ASByatt Fri 24-Jun-11 12:55:58

Hmm but unrealistic to expect her to stay away for 'the first few weeks' - especially if nice inlaws are around and meeting new babe, surely?

Can you 'big up' the water damage issue? - Strictly on the basis of thinking of your dear mum's health?

PrettyMeerkat Fri 24-Jun-11 13:05:38

OP Would you rather she didn't stay at all or is there a time when you would feel better about it, say after a week or so?

Would she really refuse to stay at your sisters?

It must have been tough on you both and particularly your DH last time. I think that is awful when dads get pushed out.

InTheNightKitchen Fri 24-Jun-11 13:06:40

Message withdrawn at poster's request.

knittedbreast Fri 24-Jun-11 13:13:38

had the same. when i was at uni and had my son my parents who i had the most awful relationship with rang to say surprise we have driven 250 miles to see you and the baby!
there had been complications, my son and i went into shock, i was a mess. my bitch of a mother turned up at the hospital while i went home for a bath. she told the midwives she was my mother and they showed her my child without me there or wih my permission. i hadnt even known she was coming.

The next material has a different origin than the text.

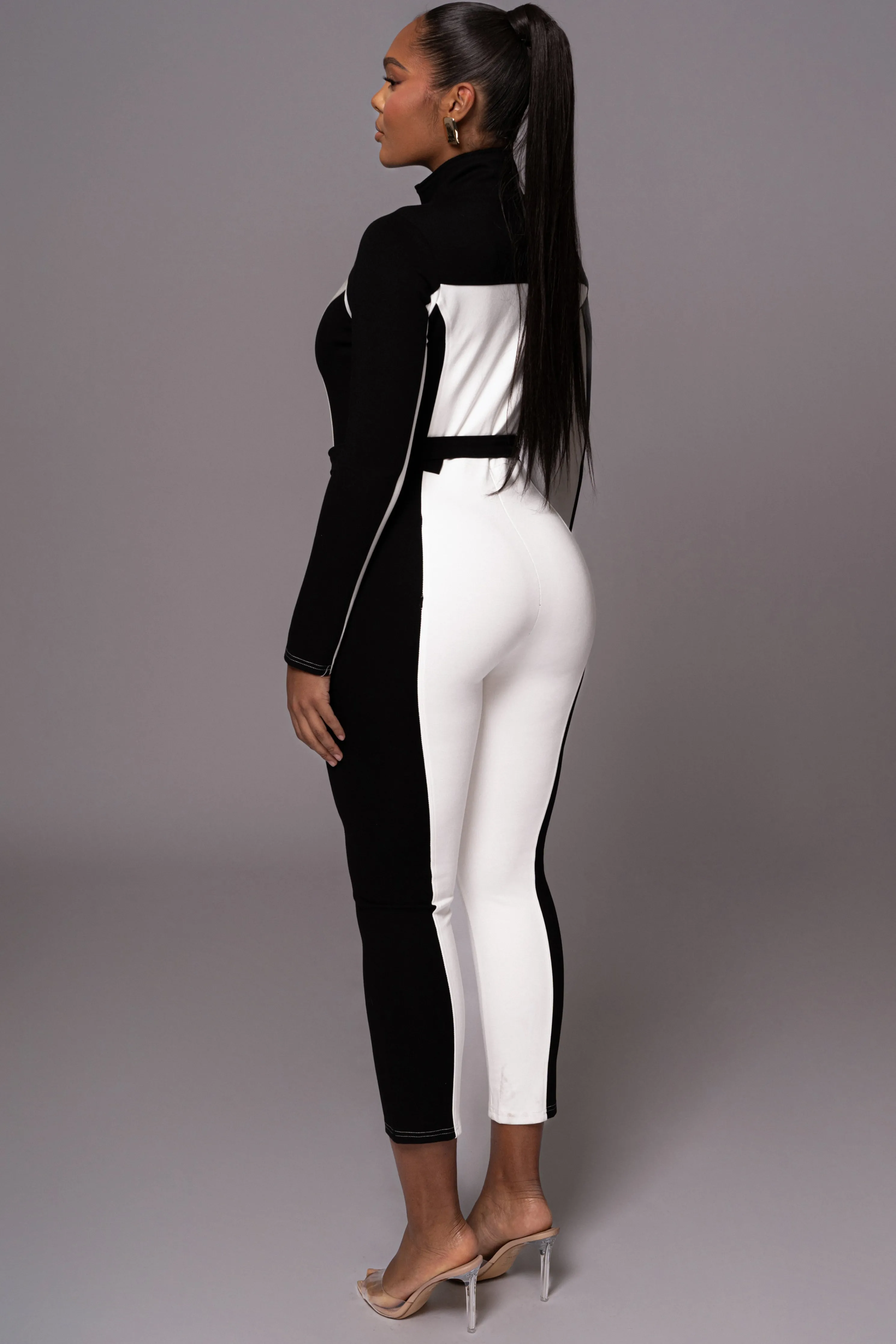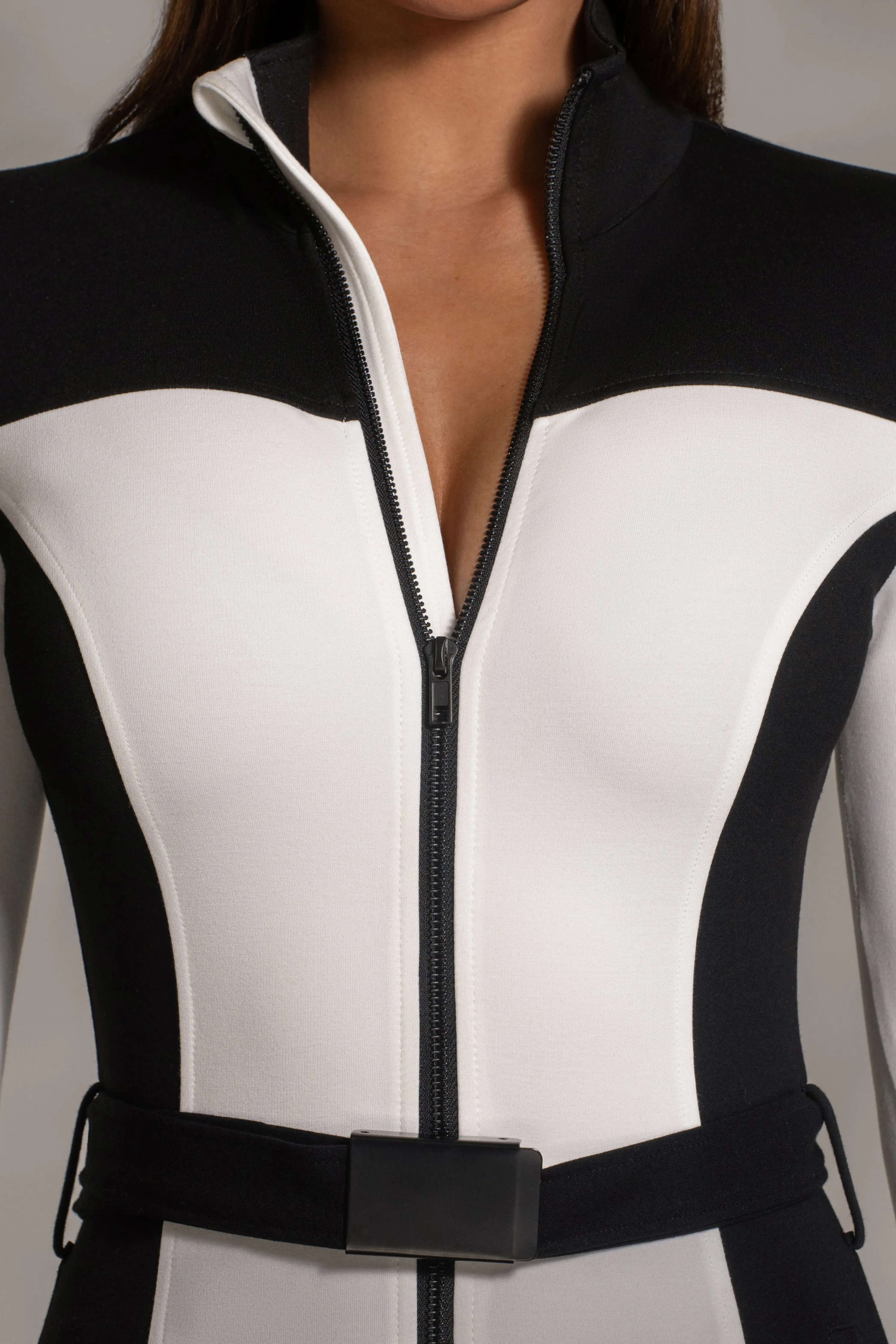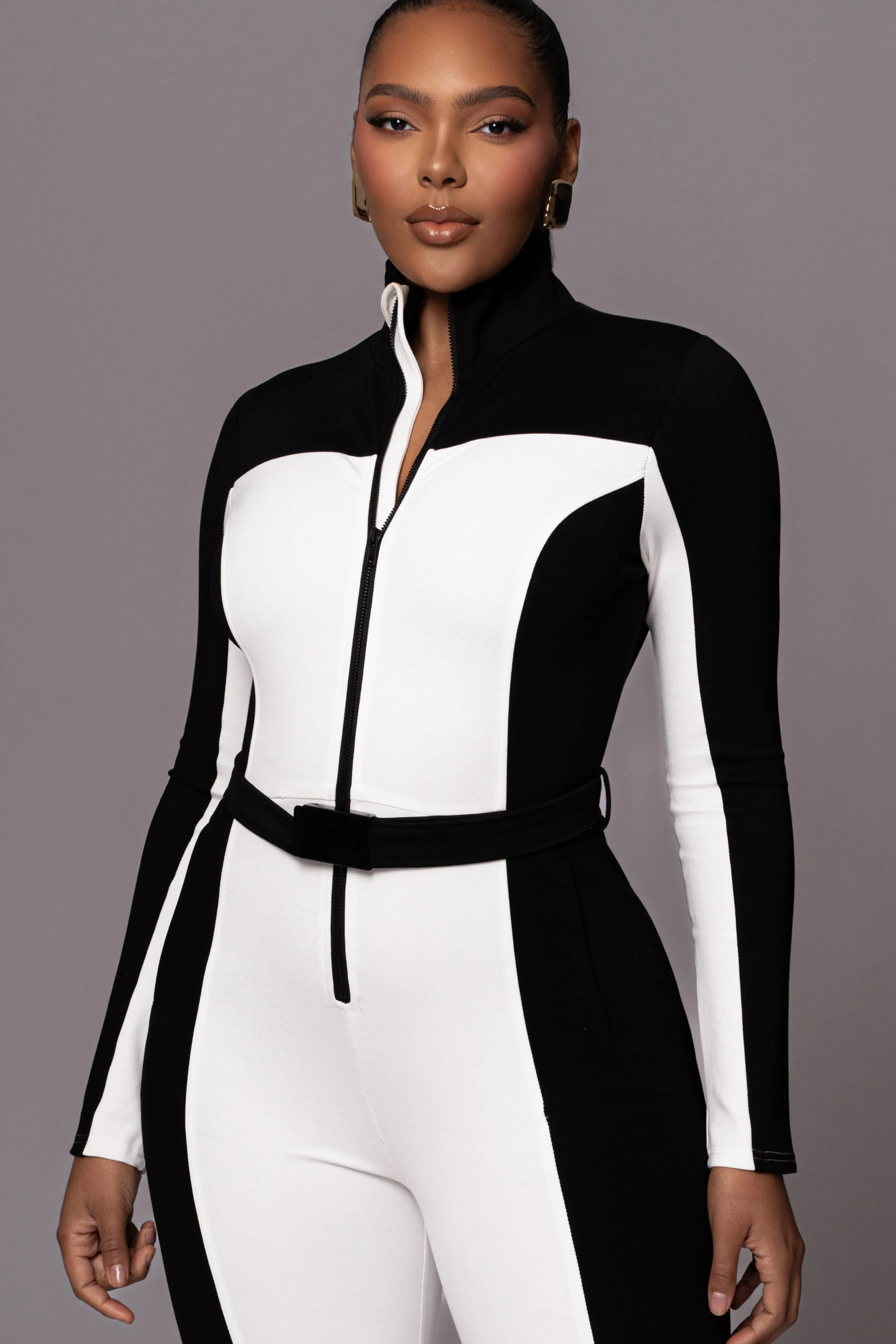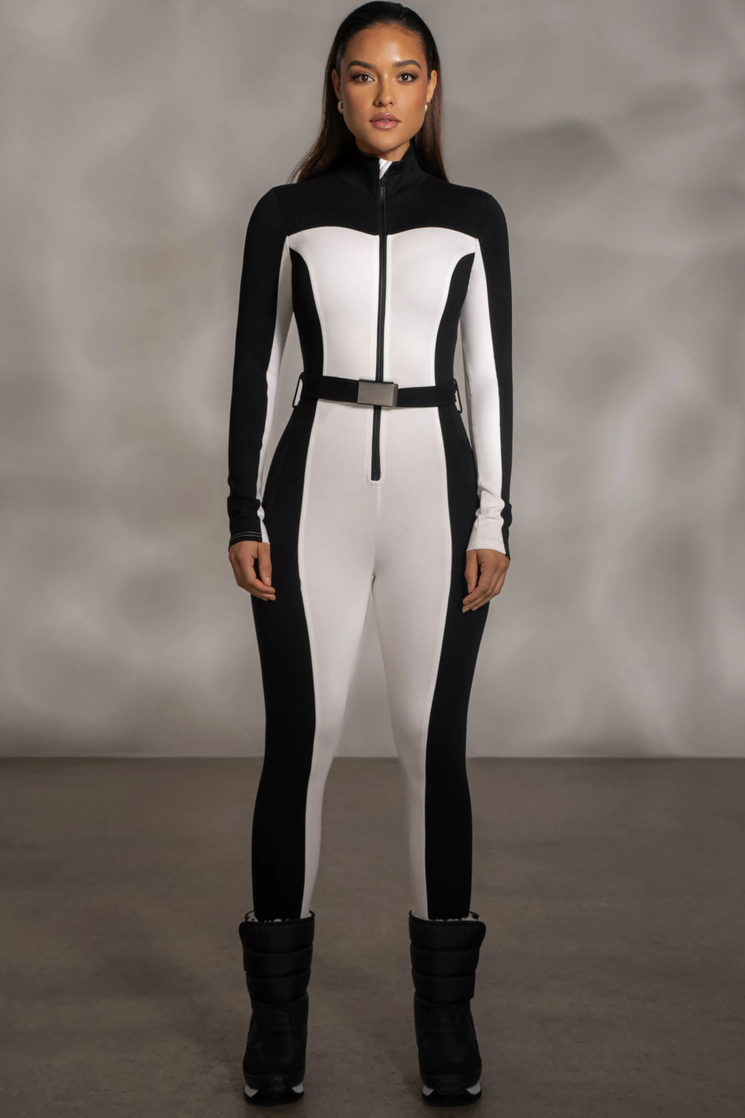 Introducing the Black Arctic Rush Ski Suit, where style effortlessly meets comfort. With its contrasting two tone colors, high neckline, and front zipper, this ski suit will have you ready for the slopes. Complete with side zipper pockets and a matching belt with a metal buckle, it’s the perfect fusion of aesthetics and functionality. The ultimate companion for every winter adventure.Not water-resistant.

i was so angry i cannot explain. when she called me to say how beautiful O**** is i told her to get back in the fucking car and never come back.

i refused to see or speak to her for 4 months.

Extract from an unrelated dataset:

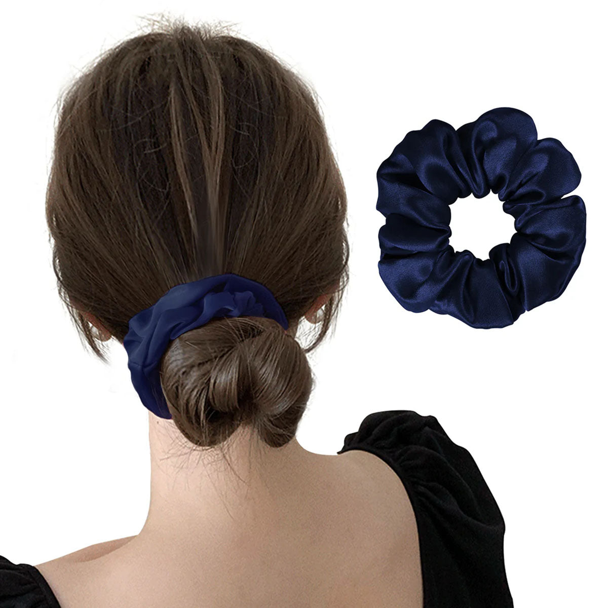 シルク シュシュ ヘアゴム ヘアアクセサリー ネイビー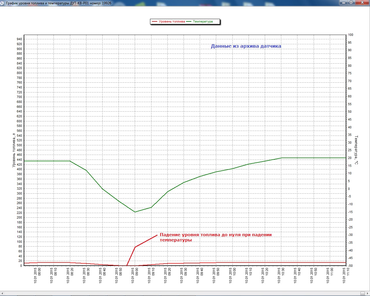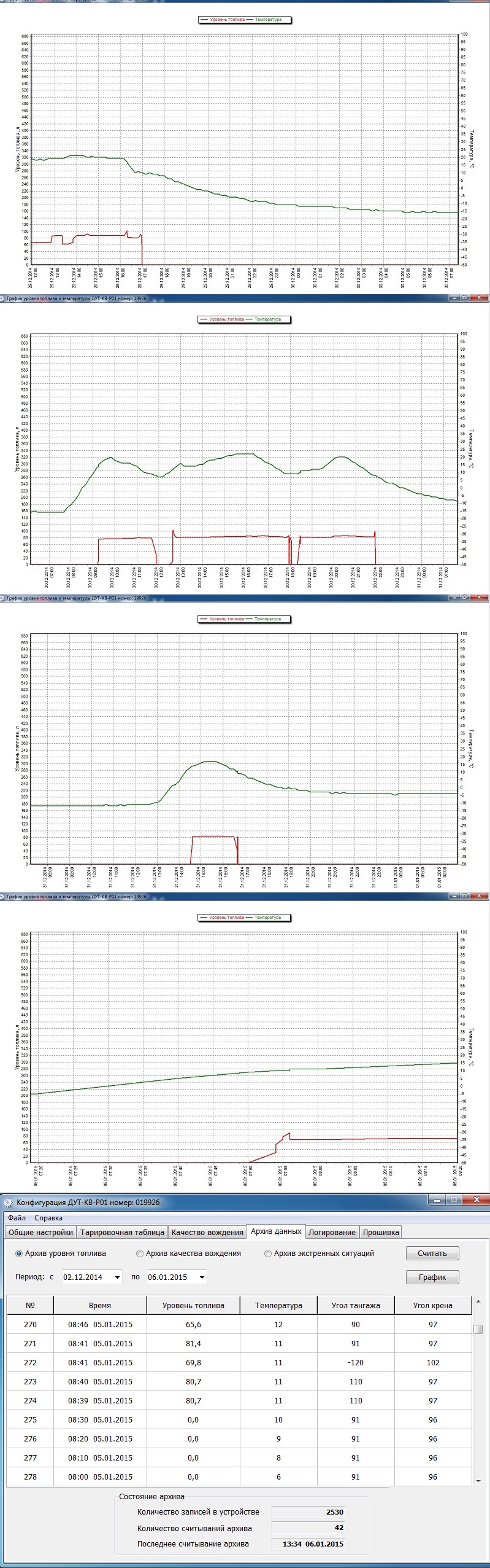 Датчик имеет встроенные часы реального времени и внутреннюю память. Все измеренные данные датчик хранит в собственной памяти за последние 60 суток. Способность датчика работать без терминала существенно снижает начальные затраты на установку систем контроля топлива и качества вождения автотехники.

this time is so special, its about you and baby and your hubby. stand your ground

MistressFrankly Fri 24-Jun-11 13:15:35

Pretty Meerkat's line seems sound. I know its hard but you need to put your foot down. Your mother should not be making you feel anxious in your late stages of pregnancy and make you wory about new baby's early days. Her insistance to stay is unreasonable especially is your sister is close. You are an adult and a parent, it is time to do what is right for you, your DH and DCs. If she cannot accept it, leave her to the arguments and dont get dragged into it. If she cannot be supportive then that is on her. She will get over it. Probably.

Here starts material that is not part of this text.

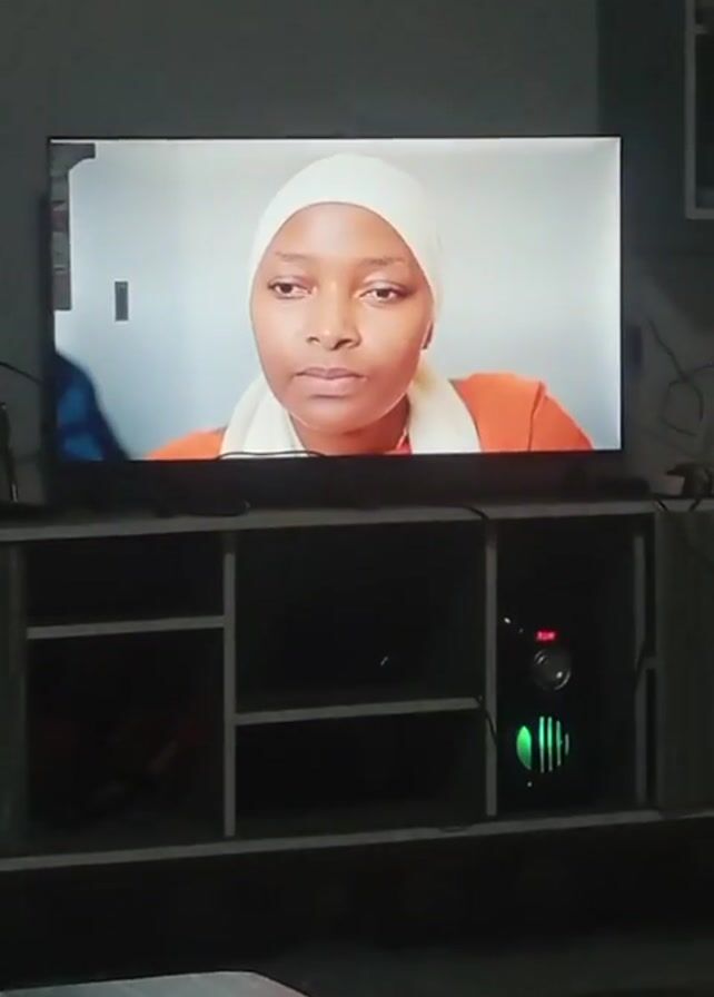 television screen displaying two people, alternating between them in quick succession. The first person is a woman with dark skin, wearing a white headscarf and an orange top. The second person is a man with dark skin, a trimmed beard, and a blue shirt. The television is placed on a grey and white entertainment center. To the right of the television, on the bottom shelf of the entertainment center, is a computer tower with green lights visible on the front panel. A small portion of a grey table is visible in the foreground. The environment appears to be a dimly lit room.
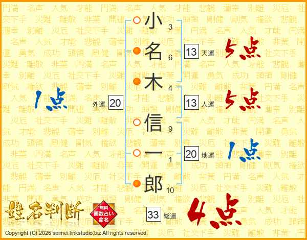 小(3画)名(6画)木(4画) 信(9画)一(1画)郎(10画)

MIL was a nightmare. She did everything she could to stress me out when i was pregnant and when we stood up to her she flipped (she's the adult because she is older? i think not). Neither i or my now xoh have spoken to her since i was 8.5 months gone. She has never met her gdd and i pity her but i was not going to have her taking over my family and making us feel like crap because we didnt want things to be how she insisted they had to be.

This time is about your new LO not your mum.

PrettyMeerkat Fri 24-Jun-11 13:17:22

I copied it from dickiedavisthunderthighs although would love to take the credit. smile

PrettyMeerkat Fri 24-Jun-11 13:20:54

My MIL refused to say whether or not she would look after my older child while I was in labour. I had literally no on else I could rely on and the only reason she did it was out of spite! I explained that I needed to know to try to make some other arrangements (what I don't know) and she just said it would "probably be ok". PROBABLY! Talk about stress. I have terrible labours and really needed my DH there, so the thought that he might not be because my MIL was trying to make me suffer . . .

Why do people not realise the stress they cause (although of course in my case it was intentional).

MistressFrankly Fri 24-Jun-11 13:22:14

smile fair enough yours was the closet name making the point and couldnt be arsed scrolling!